Твид не хлопал, но по выражению его лица было ясно, что он считает Сиам качественным товаром. Однако даже сам Твид не мог полностью доверять собственному суждению. Он слегка задрал подбородок, как покупатель на аукционе, подающий условный сигнал о своей склонности к покупке.

Оба подручных Твида дружно покинули стойку и заскользили вдоль стены.
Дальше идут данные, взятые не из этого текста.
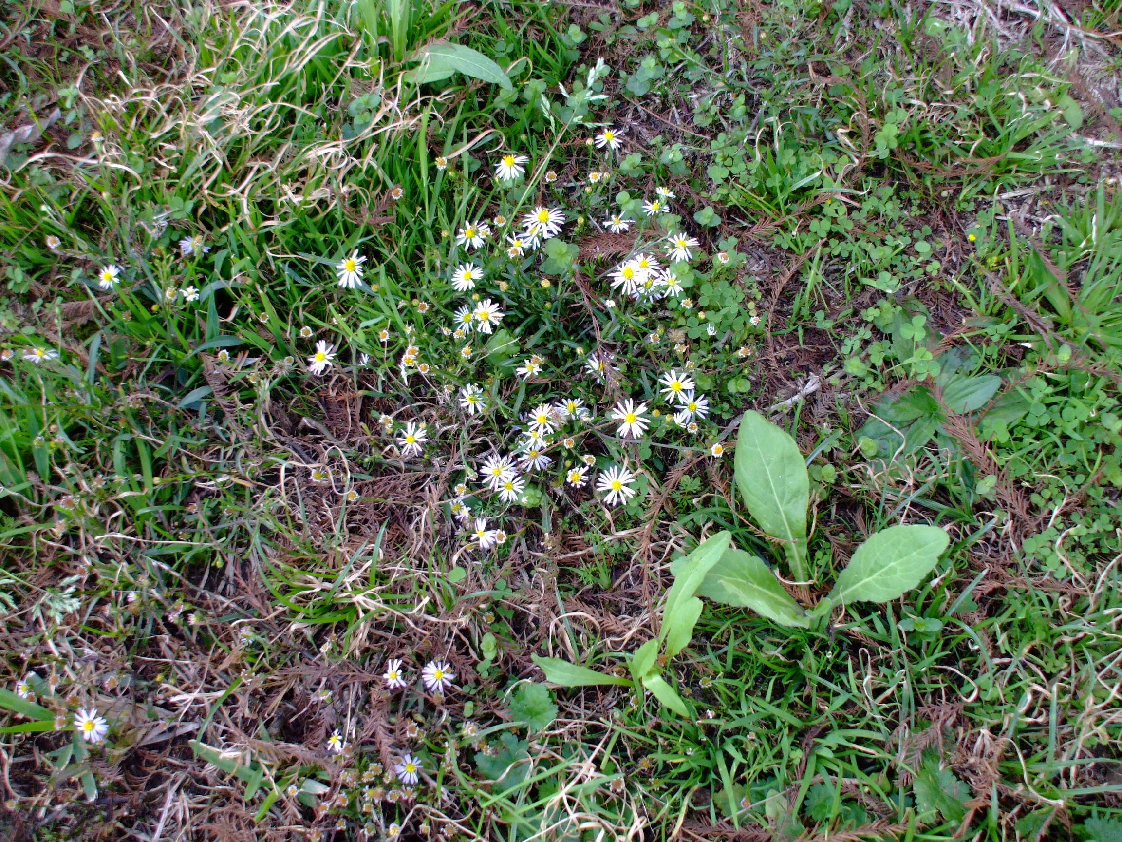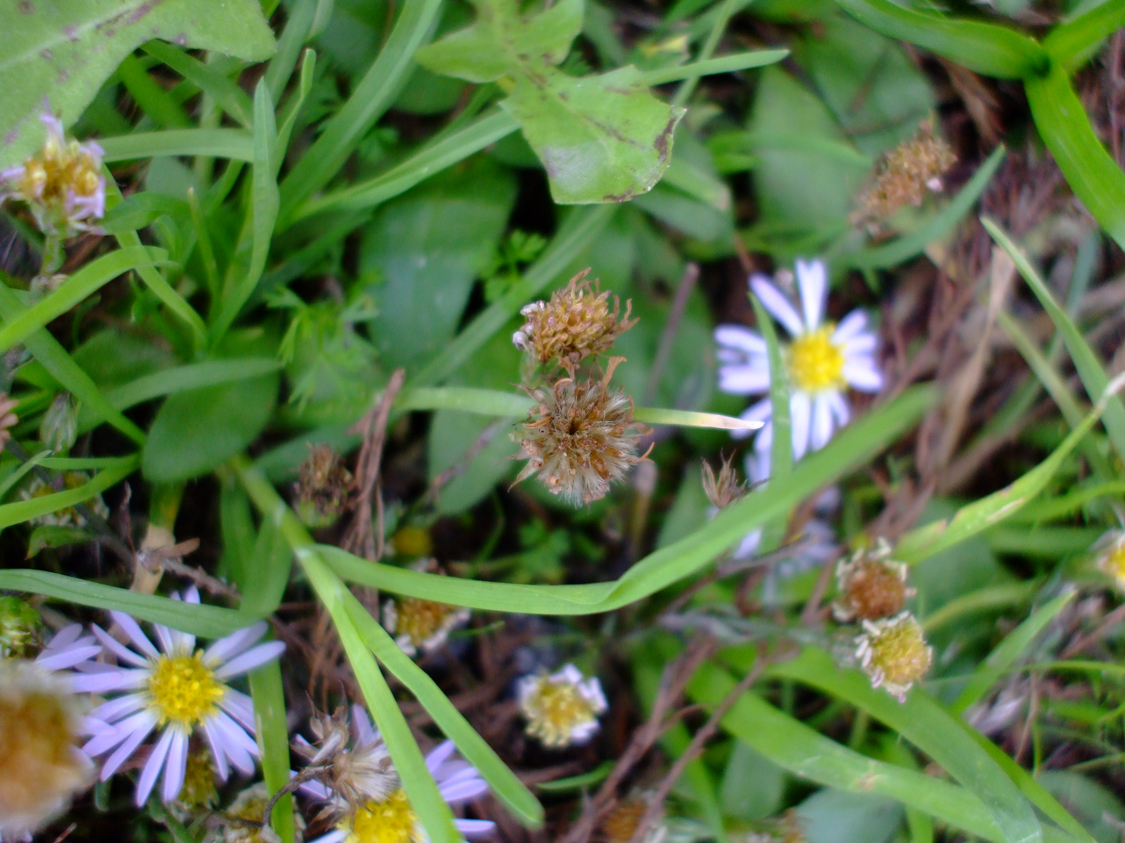Symphyotrichum divaricatum, or Southern Saltmarsh Aster, is native to the South-Central United States. It is an annual that grows in swamps, marshes, wet meadows and fields, pond margins, but can also be found in fields and lawns, and it grows back well, even in the face of persistent mowing. It blooms from summer into late winter, with purple-blue flowers.

Мотли наблюдал за их продвижением к столу. Он весь подобрался от волнения, хотя знал, что в ответственные моменты ему не свойственно волноваться.

Додж видел, как люди Твида спешат к хозяину, раздавая по пути вежливые извинения. Потягивая коктейль, он не спускал с них глаз.

Профессионалы, коих хватало в зале, знали, что происходит, и тоже следили за подручными Твида, пробирающимися к боссу.

Сиам продолжала петь как ни в чем не бывало. Казалось, в ее присутствии все остальное теряет смысл.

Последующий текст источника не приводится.